FIFO’s inability to prioritize the newest frame is the reason triple-buffering has traditionally meant trading increased input latency for V-Sync stutter mitigation.
Special K is configured to drop old frames by default.
We see no reason to ever use the traditional FIFO queuing behavior on a desktop machine in any graphics API that has the ability to skip old frames (e.g. D3D10/11/12 and Vulkan).
The sections below include various recommended swapchain management settings that can be used in Special K in some common scenarios. Note that there is often no need to change any of these values, as Special K already ships with and enables the most optimal settings for most use-cases out-of-the-box. However, if you want to experiment and test around with various settings in an attempt to improve the experience in any of the below scenarios, these are some good baselines to go by.
Not all games support overriding the BackBuffer Count value. If any issues occur, open the game-specific config and change the
BackBufferCount
parameter to-1
to restore the game’s default, or try 1 below/above its current value and see if that works better.Enabling the Waitable SwapChain paramater, which may lower low latency in certain cases, makes it impossible to use fullscreen exclusive mode (in D3D11 games), and it is no longer recommended in any scenario due to the stutter it results in when DirectFlip optimizations are lost.
D3D12 is a low-level API; many graphics engines have hard-coded their frame queuing behavior and will crash if the number of buffers is changed.
- What was a quick and easy way to mitigate stutter in D3D11 is potentially fatal in D3D12.
You may need to set
AllowD3D12FootGuns=true
in the the game-specific config to be able to adjust the BackBuffer Count and Maximum Device Latency settings in D3D12.Fiddle with BackBuffer Count in D3D12 at your own peril… Expect most games to crash at startup, and be prepared to set it back to
-1
The remaining SwapChain settings are generally safe to change.

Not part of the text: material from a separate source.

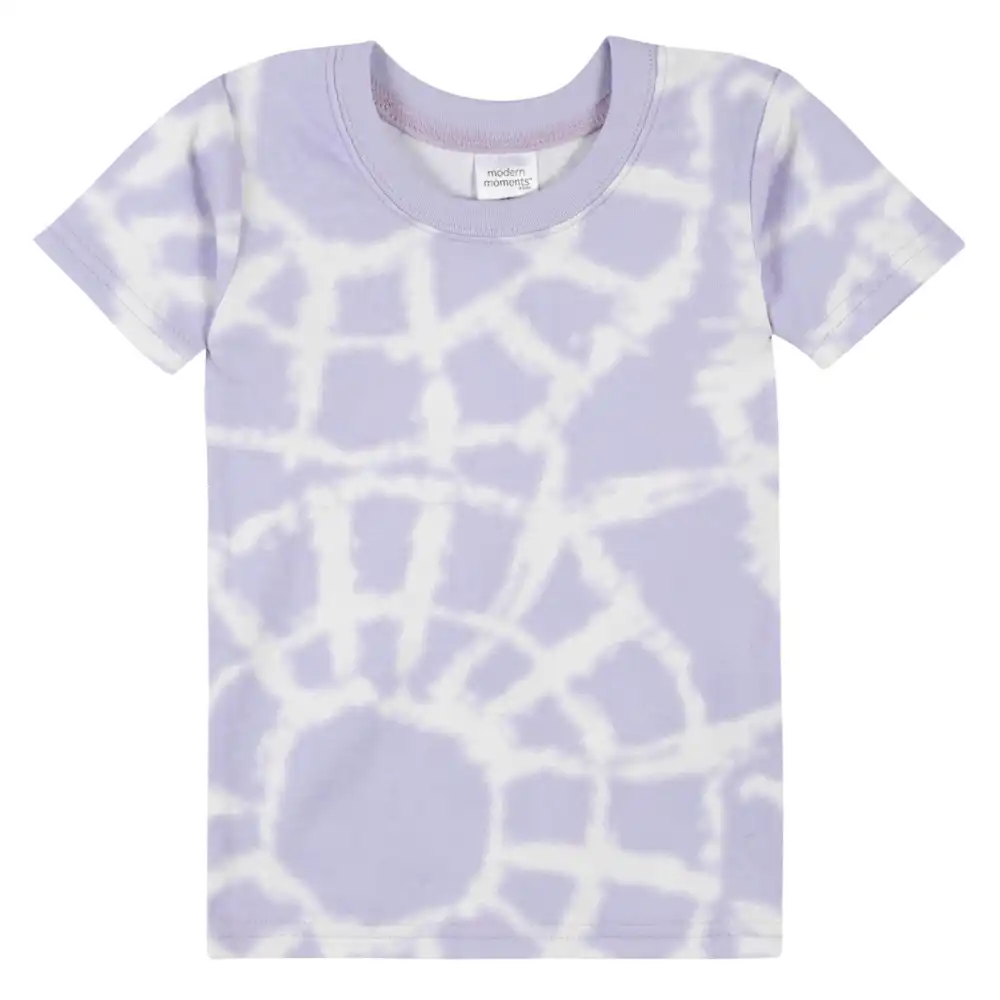 Modern Moments brings modern sophistication to your little one’s wardrobe. Our soft, comfortable pajama sets feature one long sleeve top, one short sleeve top, and two long pajama bottoms. We use STANDARD 100 by OEKO-TEX® certification on products tested in an independent laboratory against a list of more than 400 harmful substances, including PFAS. Designed for safety, our infant and toddler PJ’s feature a snug fit. This 4-piece set of infant and toddler girl pajamas includes one pair solid light purple and one pair ivory and light purple with tie dye print.
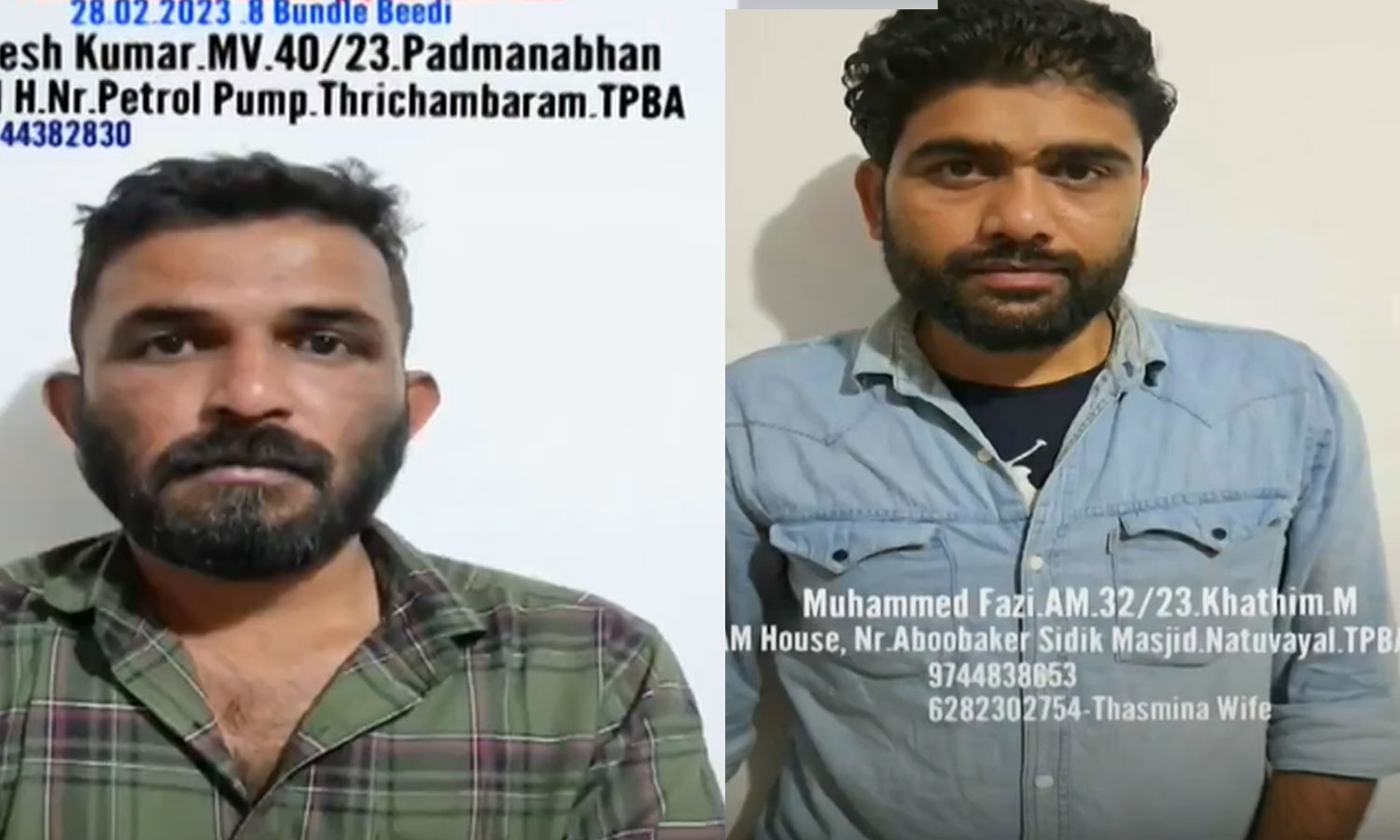 ഇതേ തുടർന്ന് ജയിൽ അധികൃതർ കണ്ണൂർ ടൗൺ പൊലീസിനെ വിവരമറിയിച്ചു. പിന്നീട് ടൗൺ പൊലീസെത്തി രണ്ടുപേരെയും കസ്റ്റഡിയിലെടുക്കുകയായിരുന്നു. ഇവർ ജയിലിനുള്ളിലേക്ക് വലിച്ചെറിഞ്ഞ 120 പാക്കറ്റ് ബീഡിയും പൊലീസ് കണ്ടെടുത്തിട്ടുണ്ട്. നേരത്തെ തന്നെ ഇതിന്റെ ദൃശ്യങ്ങളും പുറത്ത് വന്നിരുന്നു.

While using regular V-Sync or Black Frame Insertion (BFI):
In-Game Setting | Value | Config Parameter |
---|---|---|
Presentation Interval | 1 |
PresentationInterval |
BackBuffer Count | 3 |
BackBufferCount |
Maximum Device Latency | 4 or -1 |
PreRenderLimit |
Enable Tearing | Enabled |
AllowTearingInDWM |
While using a variable refresh rate (VRR/G-Sync/FreeSync):
In-Game Setting | Value | Config Parameter |
---|---|---|
Presentation Interval | 1 |
PresentationInterval |
BackBuffer Count | 3 |
BackBufferCount |
Maximum Device Latency | 2 or -1 |
PreRenderLimit |
Enable Tearing | Enabled |
AllowTearingInDWM |
While neither using V-Sync, Black Frame Insertion (BFI), nor variable refresh rate (VRR/G-Sync/FreeSync), which also engages Special K’s tear-free no-sync feature. See Latent Sync for more information on that feature.

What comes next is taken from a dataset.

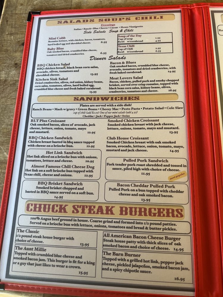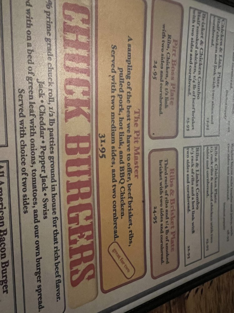 3 pieces of chicken, 1/4 lb. of beef brisket with 2 sides and cornbread.
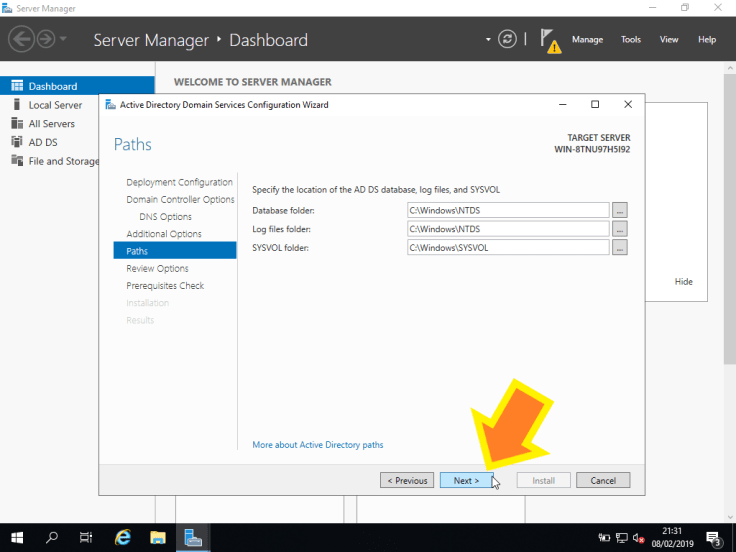 15. Neste passo, podemos especificar a localização da base de dados do AD DS, os ficheiros de log e o SYSVOL. O Windows automaticamente gera as localizações e não é necessário alterá-las em condições normais. Vamos clicar em Next >.

In-Game Setting | Value | Config Parameter |
---|---|---|
Presentation Interval | 0 |
PresentationInterval |
BackBuffer Count | 3 |
BackBufferCount |
Maximum Device Latency | -1 |
PreRenderLimit |
Enable Tearing | Enabled |
AllowTearingInDWM |
Why Flip Model Overrides Have Never Been Implemented In Other Projects (e.g. ReShade)
… and where these projects should focus their efforts
Technical restrictions Special K has to work-around to enable Flip Model in all games:
1. sRGB Formats are Unsupported in Flip Model
Special K handles sRGB <-> Linear gamma correction for games that request an sRGB SwapChain and would otherwise not be Flip Model compatible.
Prior versions ignored the issue completely, simply stripping the sRGB format from the SwapChain and letting the user deal with the dark image that produced–do not do that
2. MSAA (using SwapChain resolve) is Unsupported in Flip Model
Special K disables SwapChain-level MSAA when you enable Flip Model.
There are multiple ways of doing MSAA; modern graphics engines handle MSAA Resolve manually and are unaffected by this restriction.
Only really bad ports / engines use the SwapChain for MSAA in D3D11.
Special K may eventually provide offscreen MSAA resolve services for these poorly designed D3D11 games, but it is not a high priority.
3. Flip Model only supports 1 SwapChain per-window
This is almost never an issue, except for stupendiously screwed up games (i.e. NieR: Automata)
Special K detects situations where a game has created multiple SwapChains for the same window and will try to consolidate them into a single SwapChain in order to support Flip Model.
This workaround is usually successful…
If a game mixes and matches graphics APIs based on GDI and DXGI to render to the same HWND, it will never be compatible with Flip Model via an override.
Such a game is in serious need of refactoring and not worth the effort of supporting.
4. Flip Model Unbinds the SwapChain Backbuffer from the D3D11 Output Merger
After a frame is Presented, Flip Model SwapChains will unbind any RenderTarget that references one of their Backbuffers from the D3D11 Immediate Context.
Applications that do not explicitly setup the OM state to output to the SwapChain each frame will tend to produce a black screen if you force Flip Model on without also resetting the Output Merger state after Present (...)
5. Fullscreen Exclusive Mode Switches Require Resizing the SwapChain
Whether the actual resolution changes or not, until a Flip Model SwapChain is Resized, all attempts to Present (...)
will fail.